In this regard, to the best of our knowledge, our present study is the first one to demonstrate that moderate-intensity swimming training can be efficiently used to prevent myocardial infarction-induced ischemic injury, by inhibiting ROS production and strengthening intracellular antioxidant defense. Our results indicate that both cardiac injury biomarkers (ANP and BNP) and ROS levels were significantly lower in rats who partook in swimming training, compared to the sedentary animals. Moreover, the enzymatic components of the intracellular antioxidant system also showed increased resilience in trained animals after ISO-induced myocardial infarction. GPx, in particular, presented significantly increased concentrations in the swimming animals. Although SOD and CAT levels in this group were also slightly elevated, these changes were not considered statistically significant. Exercise triggers a complex adaptive response in the body, enhancing endogenous antioxidant defenses and improving the overall redox balance. This adaptive response involves the upregulation of enzymatic antioxidants such as SOD, CAT, and GPx, contributing to a more robust defense against oxidative stress [
27]. It is no coincidence that exercise proved to be more efficient against oxidative stress in comparison to antioxidants obtained from dietary sources or supplements for the simple reason that exercise may interact synergistically with endogenous antioxidant systems, creating a more effective defense against oxidative damage. This synergy is thought to be superior to the isolated use of exogenous antioxidants, as the body’s adaptive responses are engaged in a comprehensive and coordinated manner during physical activity [
28].
Taking everything into consideration, we conclude that physical exercise in the form of moderate-intensity swimming has the potential to be considered as a part of cardiac conditioning training, with the specific aim of preventing myocardial infarction-induced heart injury, mediated by oxidative stress and dysfunctional antioxidant defense.
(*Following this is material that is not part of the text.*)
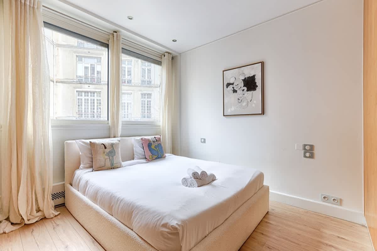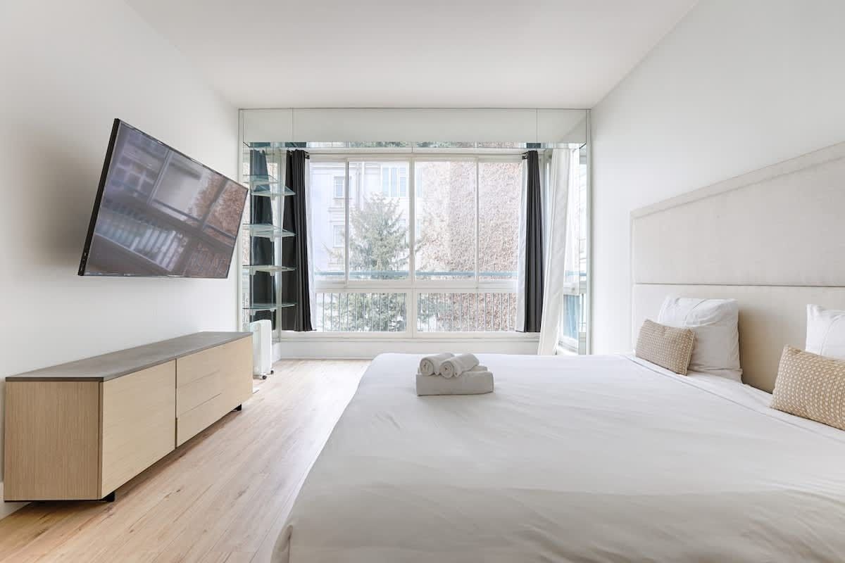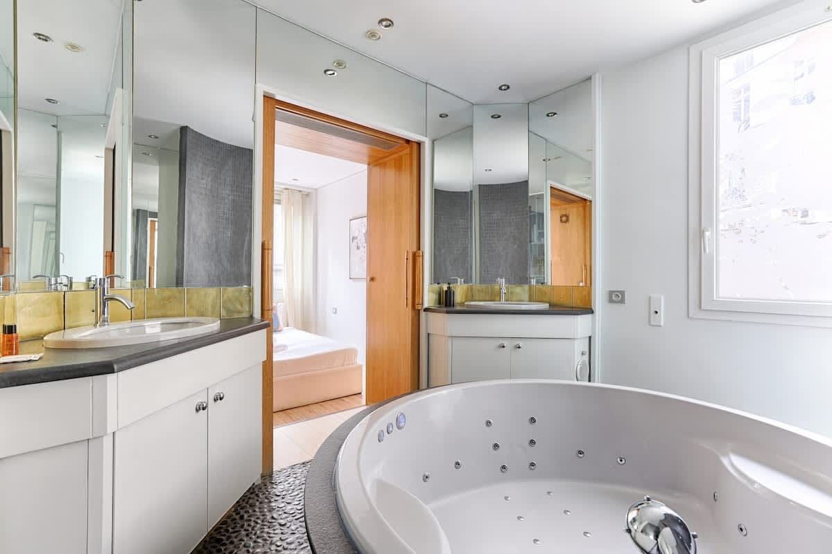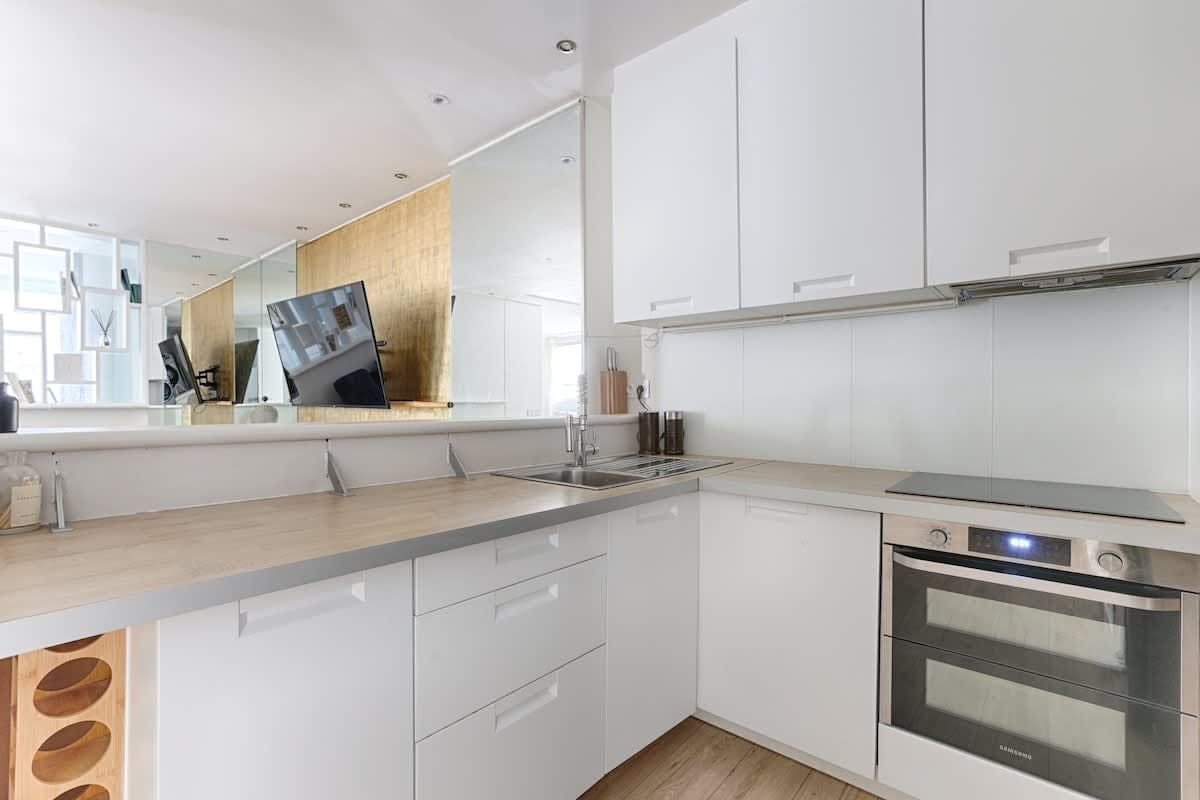 You’ll find this apartment just a quick walk from the River Seine. Lots of the City of Light’s much-loved attractions, like the Champs-Élysées, the Eiffel Tower, and the Arc de Triomphe, are within walking distance too. So, the location is definitely a plus. The apartment itself is situated in a beautiful, historic building. The large open-plan living space here is a highlight for sure. With its wealth of natural light, it’s a great place for chilling out with friends or family.

While excessive ROS can lead to oxidative stress and damage cellular structures, balanced ROS levels play important roles in various physiological processes. Regular, moderate-intensity exercise seems to induce adaptive responses that exploit the benefits of ROS (e.g., triggering adaptive responses that enhance mitochondrial function and improve the efficiency of energy production), while minimizing the risk of oxidative damage. That being said, our findings represent only a small fraction of the currently available and often contradictory data associated with this topic. We suggest that further research should be conducted to elucidate the biochemical basis of the link between ischemia and oxidative cardiac damage, thus providing an opportunity to develop effective preventive and treatment methods.